## TASK PROMPT
Reproduce each line of the following material exactly, omitting the images.

## DATASET EXTRACT
════
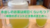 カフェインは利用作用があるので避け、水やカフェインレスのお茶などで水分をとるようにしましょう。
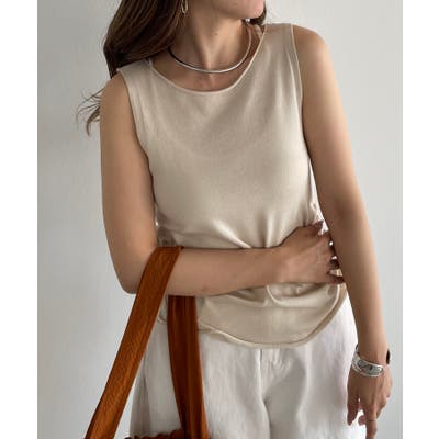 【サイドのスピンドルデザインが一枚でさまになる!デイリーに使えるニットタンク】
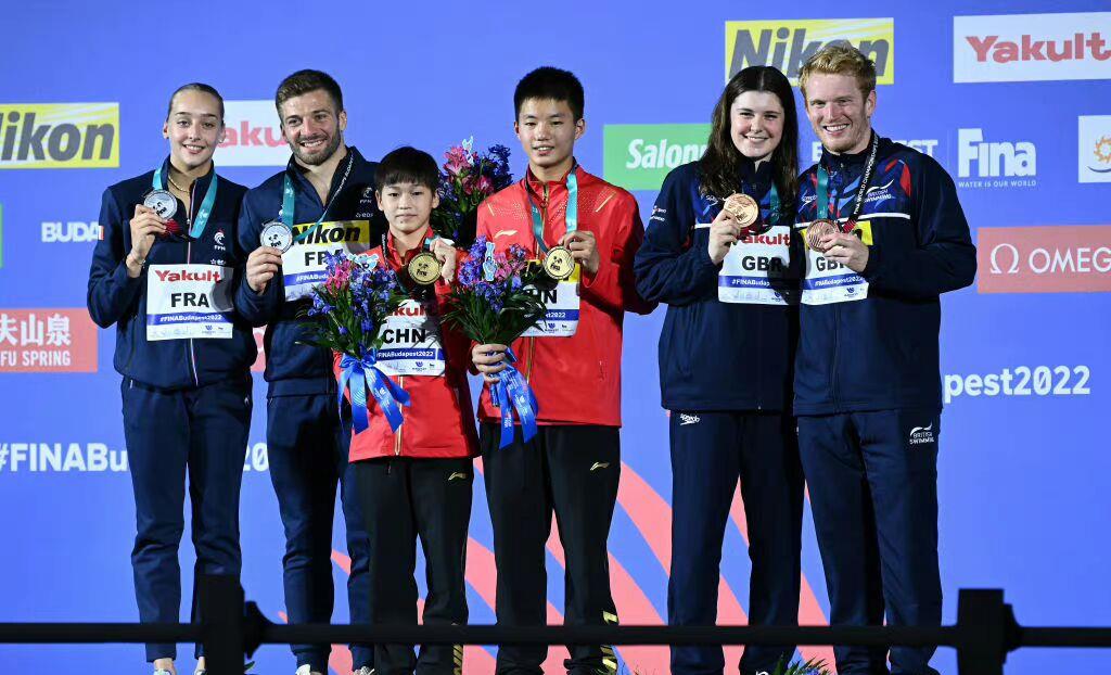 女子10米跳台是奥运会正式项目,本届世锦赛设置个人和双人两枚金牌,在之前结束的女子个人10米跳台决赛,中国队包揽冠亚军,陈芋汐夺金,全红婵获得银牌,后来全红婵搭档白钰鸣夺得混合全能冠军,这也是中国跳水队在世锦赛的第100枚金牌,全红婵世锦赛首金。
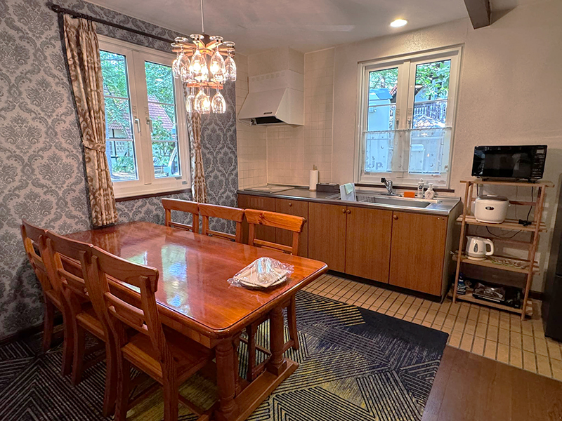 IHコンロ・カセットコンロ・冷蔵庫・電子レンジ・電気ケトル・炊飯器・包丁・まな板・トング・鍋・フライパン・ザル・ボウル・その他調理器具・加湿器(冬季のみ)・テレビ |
════
## SOLUTION TO THE EXERCISE
 カフェインは利用作用があるので避け、水やカフェインレスのお茶などで水分をとるようにしましょう。
 【サイドのスピンドルデザインが一枚でさまになる!デイリーに使えるニットタンク】
 女子10米跳台是奥运会正式项目,本届世锦赛设置个人和双人两枚金牌,在之前结束的女子个人10米跳台决赛,中国队包揽冠亚军,陈芋汐夺金,全红婵获得银牌,后来全红婵搭档白钰鸣夺得混合全能冠军,这也是中国跳水队在世锦赛的第100枚金牌,全红婵世锦赛首金。
 IHコンロ・カセットコンロ・冷蔵庫・電子レンジ・電気ケトル・炊飯器・包丁・まな板・トング・鍋・フライパン・ザル・ボウル・その他調理器具・加湿器(冬季のみ)・テレビ |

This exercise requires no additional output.